The Success of the Australian Greens in Queensland Shows the Power of Organization
In Queensland's recent state election, the Australian Greens doubled their representation — proving that a clear left-wing platform, backed up by patient organizing, can build an alternative to neoliberal politics.

In recent elections the Australian Greens doubled their representation. (@QlnGreens / Twitter)
In recent years, “anti-political” sentiment has taken root in Queensland, perhaps more so than in any other part of Australia. Its most obvious symptoms are declining support for the major parties and distrust of politics.
The long-term causes are structural: politics has been hollowed out as the membership of civil-society organizations — unions, church groups, etc. — steadily declined, depriving both Labor and the Liberal National Party (LNP) of their traditional social foundation. Meanwhile, wages have stagnated, and the fruits of successive mining booms have been squandered. As the links tying people to politics disintegrated, anti-political sentiment and alienation thrived, and the hard-right populists of One Nation reaped the rewards, increasing their vote while other parties declined.
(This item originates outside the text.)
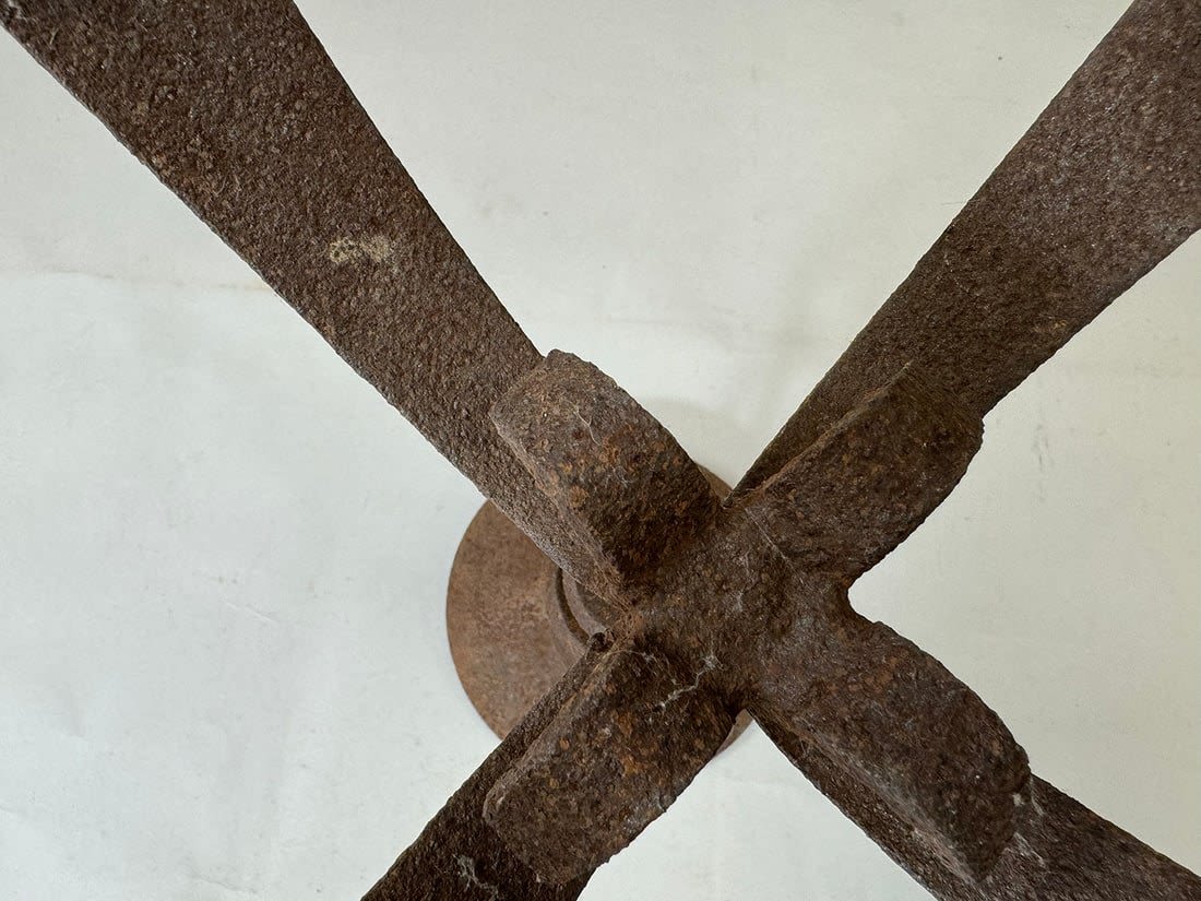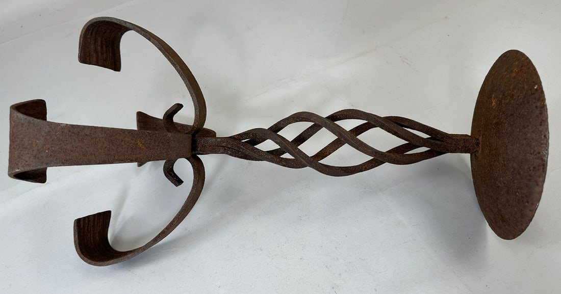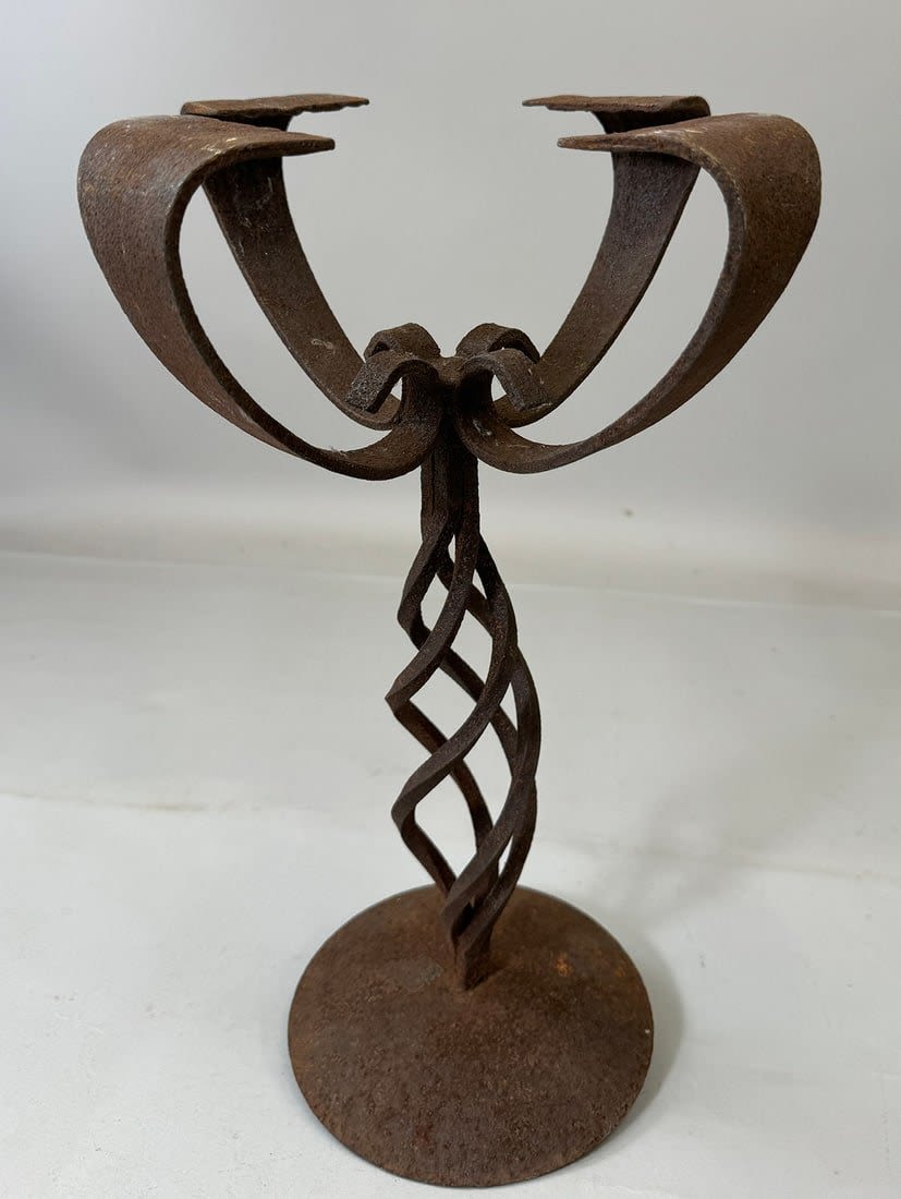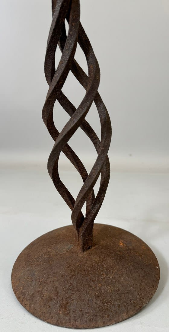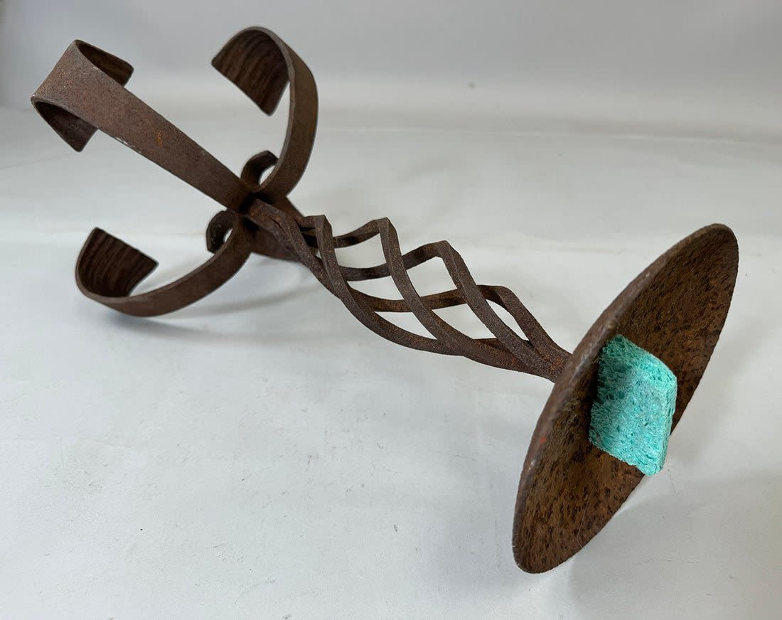 Forged iron stand for oil lamp/candle, Yoruba peoples, Nigeria, West Africa. Approximate size, 17.75" tall, 11" wide
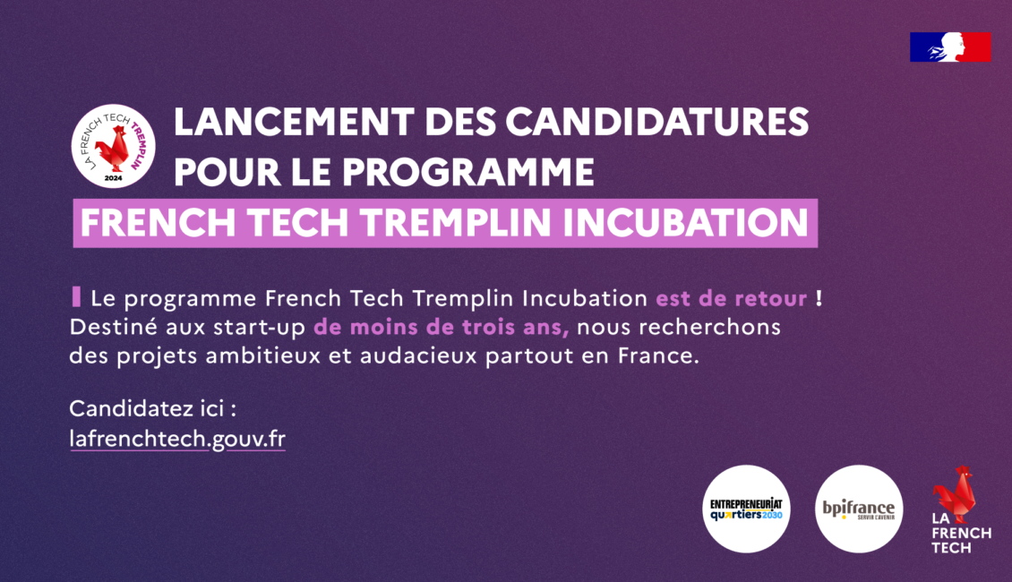 Chers start-up, l’appel à candidatures pour la phase Incubation du programme French Tech Tremplin 2024 est désormais ouvert !

The 2020 Queensland elections represent a dramatic reversal of these trends — although it’s too early to say whether this marks the beginning of a new one. Votes for both the Australian Labor Party (ALP) and the LNP went up significantly — by 4.1 and 2.2 percent respectively — returning Annastacia Palaszczuk’s Labor government with an increased majority. One Nation was the big loser with its vote plummeting 6.6 percent. Mining magnate Clive Palmer’s United Australia Party only registered 0.6 percent of the vote.